Most entries below contain actual legal discussions of events directly related to Filipinos in or immigrating to the United States.
Remember- These writings are provided for general information only and do not constitute legal advice, nor do they create any attorney-client relationship. Each person's needs and requirements are different and require a personal evaluation to determine the proper legal course of action.

Thursday, April 17, 2014

Handling H1B Cap Returns

Receipts are arriving from USCIS for the cases accepted under the H-1B cap, but the returns will soon follow.  If you are in the U.S. on a student visa and a company has filed with USCIS to change your status to H-1B, missing out on the cap can be devastating.  No one is happy.

The first thing you must do is schedule time with your attorney to review all of your options.  Advice you read on the internet is always incomplete and overly simplified - even mine.  Often there is no good way out, but do not abandon hope until you are sure nothing has been overlooked. 

Below are just some of the possibilities your attorney may discuss:

---Try to find a position with an institute of higher education before your OPT runs out.  Many educational facilities post-high school are exempt from the cap and can file an H-1B petition anytime for an immediate start dates.

---Return to school and remain in F-1 status, if even to just remain in status until a new H-1B petition can be attempted next April.  Start working towards that Master's degree.  Remember that a U.S. Master's degree, even if not required for the job, will greatly increase your odds of being selected in a future H-1B lottery.

---Consider changing to a different status.  If your spouse is already an H-1B, change to an H-4.  Similarly, although much less desirable, consider you and/or your spouse becoming J-1s/J-2s.  If you have sufficient funds to finance a qualifying small/medium-sized business, the United States has a treaty of commerce treaty with the Philippines that allows the possibility of opening a business and changing your status to E-2.  There is also the possibility of changing your status for a short period to a B-2 visitor, but USCIS has stringent requirements in these circumstances, and the time allowed will may not be worth the cost and effort.

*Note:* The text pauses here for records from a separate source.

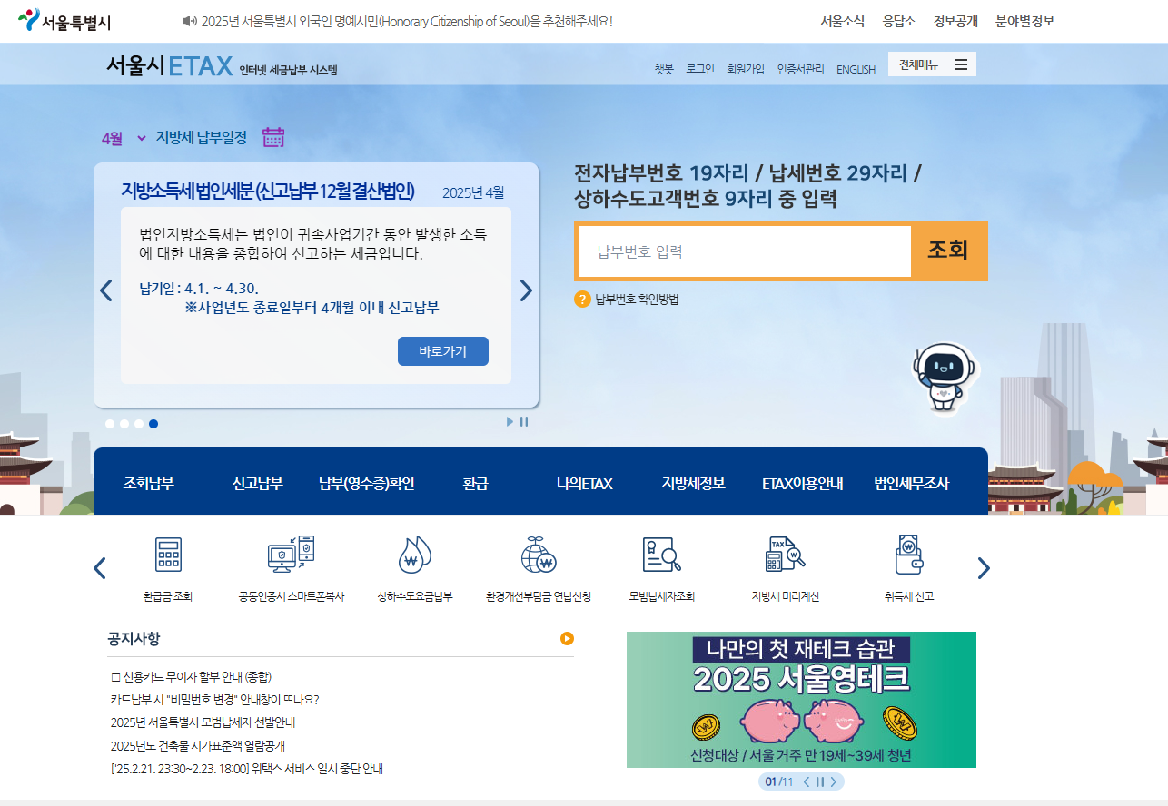 2. 서울시 이택스(ETAX) – 서울 지역 전용
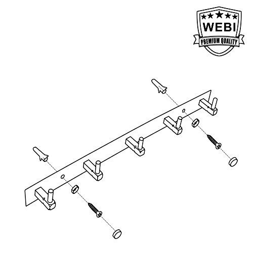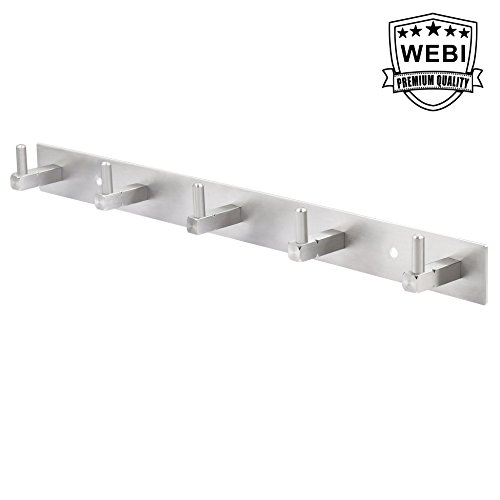WEBI Solid SUS 304 Coat Towel Holder, 5 Hooks, Brushed Finish, for Bathroom, Bedroom, Kitchen, Utility Room, Laundry Room, Home Office Storage & Organization, L-CF05
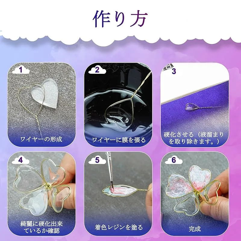 【商品概要】 LEDディップアートレジンとはワイヤーで作った輪郭にディップして(漬けて・くぐらせて)膜を貼ることができる液です 使い方簡単:ワイヤーの形成ワイヤーに膜を張る硬化させる着色レジンを塗る完成 レジン液にくぐらせるだけで繊細な花びらの作品が作れちゃう 硬化が早い:LEDディップアートレジンは「レジン液」のため、UV&LEDランプで硬化できます。仮硬化約5秒と、とっても速い!ディップ作品の作業効率がグンと上がります たくさん用途:粘性が高く、ワイヤーで作った、花や葉の輪郭に膜を張ることや球体などのコーティングが簡単・綺麗にできます、着色にも使用可能 特徴:シワになりにくい、大きめサイズでも(約3cm程度)膜が張れます!匂いも少なく作業がしやすい、仕上がり作品は黄変しにくい、進化したLEDディップアートレジンで手軽にフラワーアートを楽しめましょう
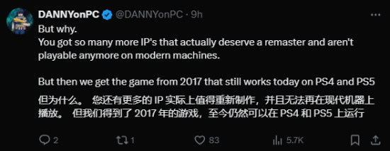玩家表示,这完全是浪费开发资源,《神秘海域1/2》应该得到这种待遇;他们有很多IP值得重制,而且那些都不能在现代主机上玩了。这款2017年的游戏还能在PS4/5上运行。
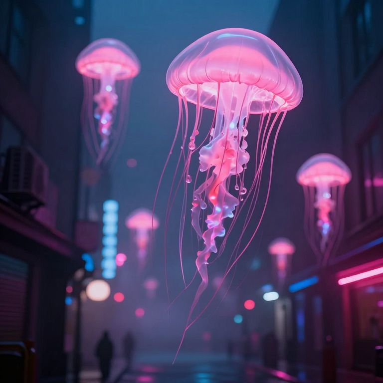 Neon-lit streets hum with otherworldly energy as antigravitational jellyfish float serenely overhead, their radiant pink forms casting ethereal trails that dance across the misty urban landscape.
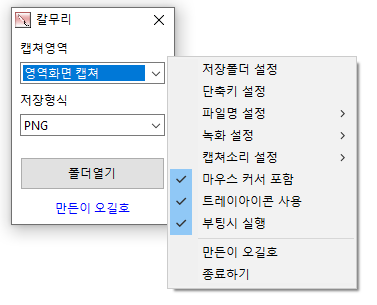 | 핵심 기능 | 칼무리는 알캡처, 픽픽과 함께 많이 사용되는 화면 캡처 프로그램입니다. 추가적인 기능은 동영상 녹화지원, 웹페이지 전체 캡처, 색상추출기능, 단축키 설정, 프린터 출력 등 다양한 기능을 사용할 수 있습니다. |
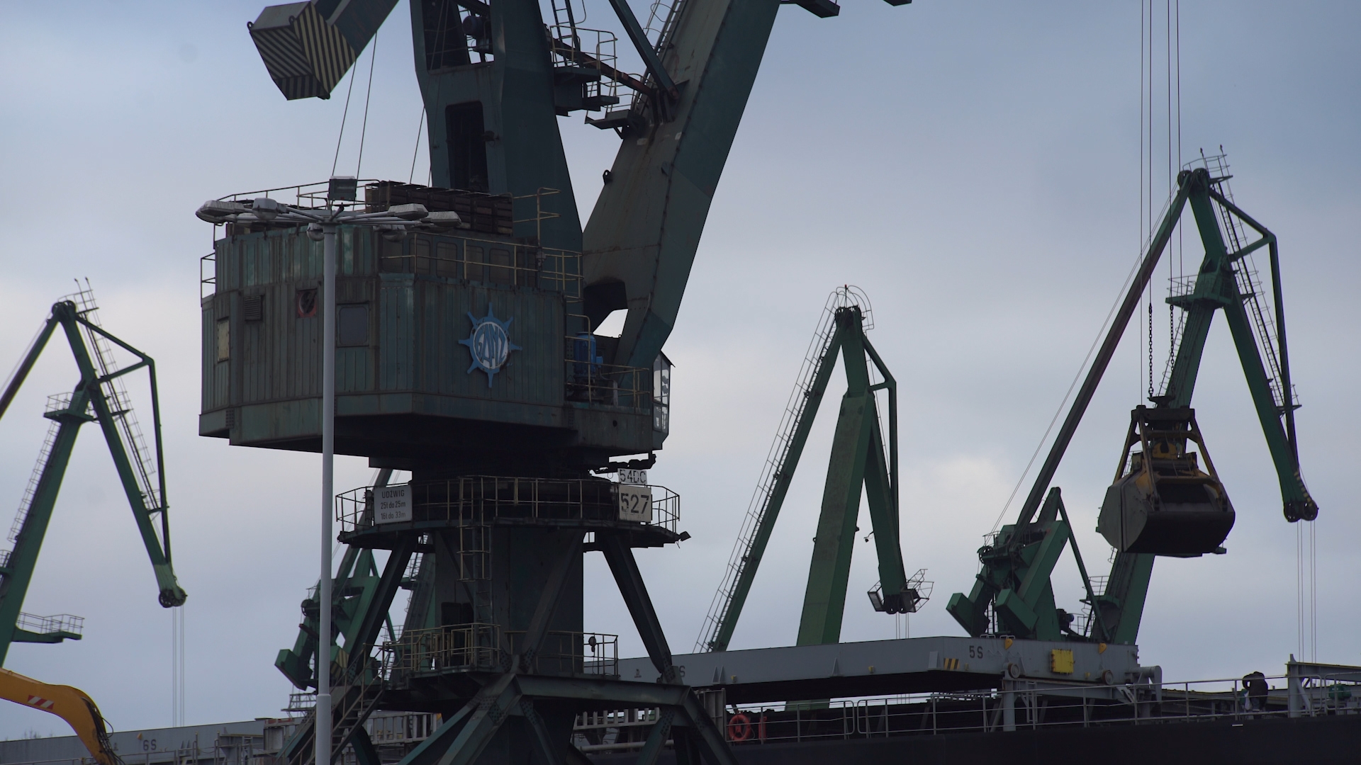Polski masowiec zderzył się z suwnicą i żurawiami
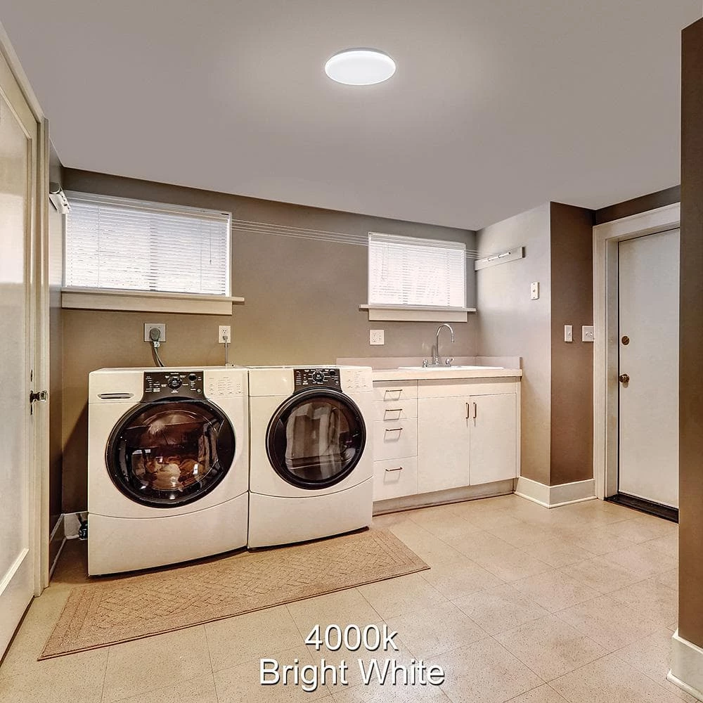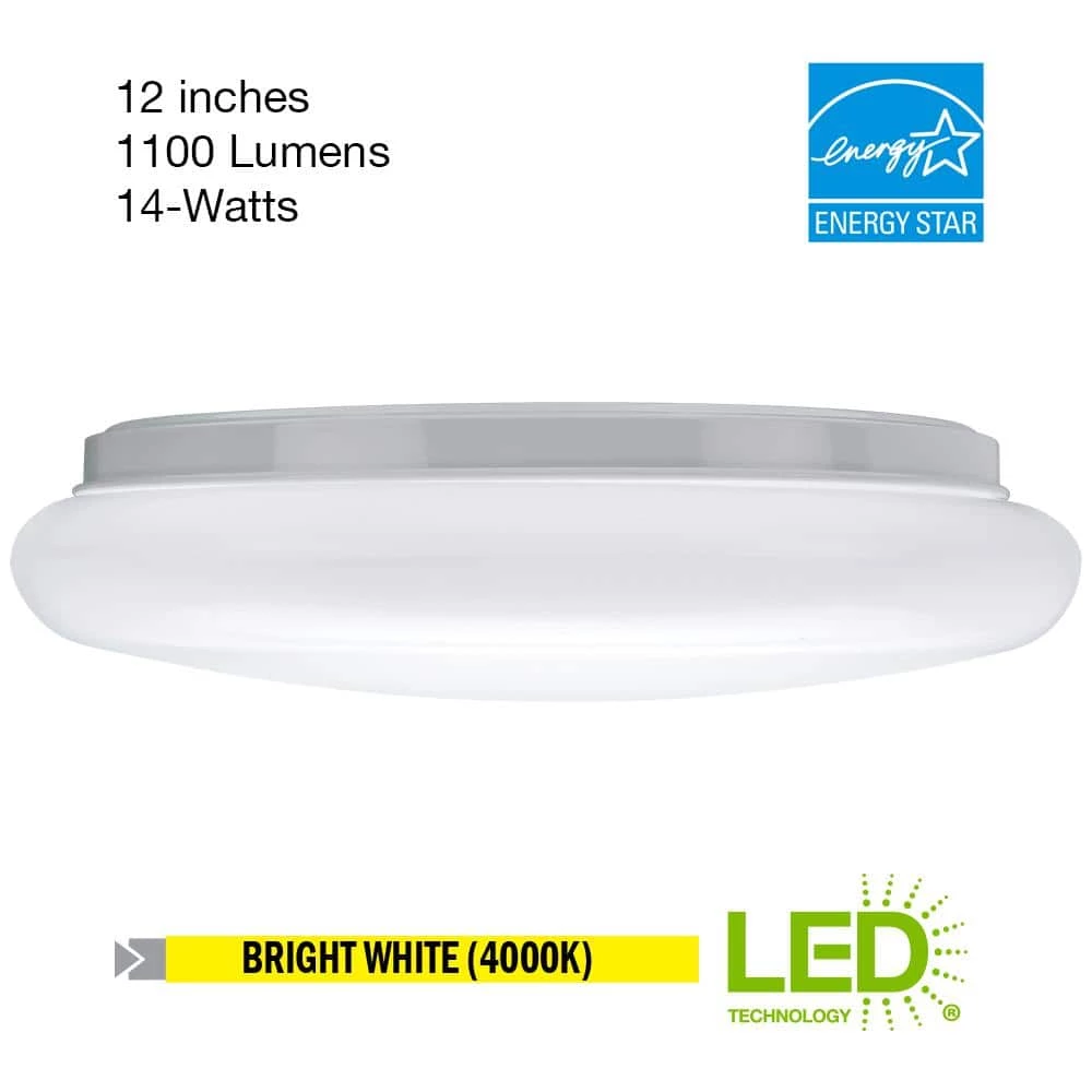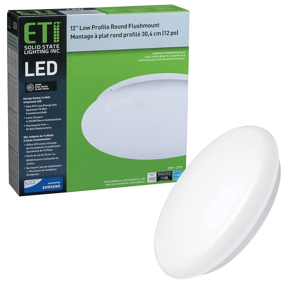 ETi’s Low Profile 12 in. LED Flush Mount Ceiling Light is designed to easily convert outdated incandescent bulbs into an energy-efficient integrated LED fixture. It emits crystal clear 1000 Lumens of 4000K Bright White color temperature light output. While using only 14-Watts of electricity, this fixture uses 83% less energy replacing a power-draining 75-Watt incandescent bulb. It is easy to install, has long-lasting superior light engine and is maintenance free with no bulbs to replace. Ideal for kitchen, pantry, bedroom, bathroom, closet, laundry room, stairway, hallway, attic, basements, playroom or retail/boutique.
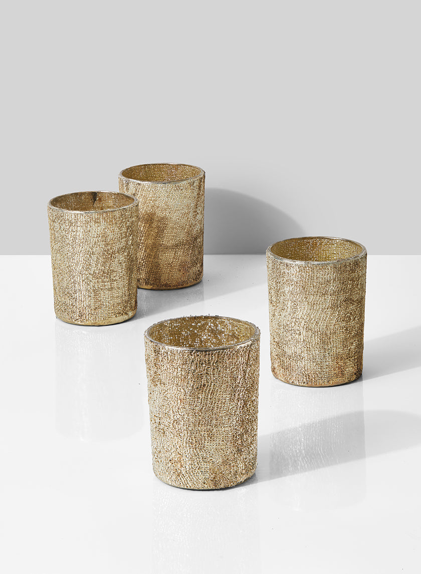 3in Tall Ombre Gold Frost Glass Votive Holder, Set of 6
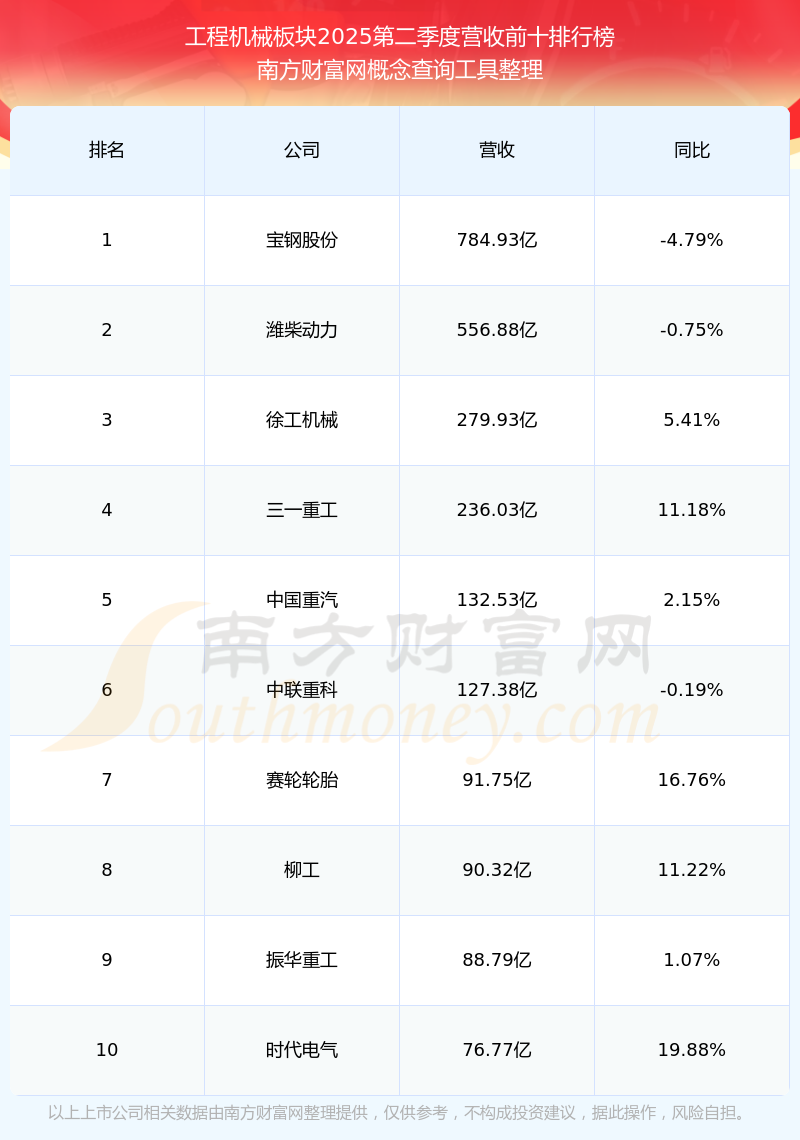 按照南方財(cái)富網(wǎng)概念查詢工具統(tǒng)計(jì),該股所屬板塊為工程機(jī)械板塊,該板塊共有92只股票,鐵建重工2025第二季度營收在該板塊中排名為第21名,該板塊2025第二季度營收排名前十的股票如下表:

---STEM OPT, not often overlooked, but worth a reminder, that students with a science, technology, engineering or mathematics degree are often eligible for 17 months of OPT, sometimes in addition to the normal 12 months of OPT.

---Do not forget the grace period in which you can stay in the U.S. after your OPT expires:  60 days for F-1, 30 days for M-1 and J-1.  Although you cannot work during this time, you are still considered to be in lawful status for changing to some other visa category.

These are just some of the most common options.  Your attorney may find other possibilities based on your own individual circumstances.

And lastly, a little straight talk about money.  Obviously, all filing fees are returned to the employer once USCIS returns the checks.  As for professional fees, different attorneys have different contract provisions.  However, it is normal for professional fees to not be refunded as the work under most contracts was completed as long as the petition was properly prepared and filed.  We all know that success is never guaranteed and, with H-1B cap cases, a properly advised employer agrees before filing to accept the risk created by the H-1B cap.  However, at a minimum, many good attorneys will often offer a significant discount on next year's filing if the company wishes to give it another try.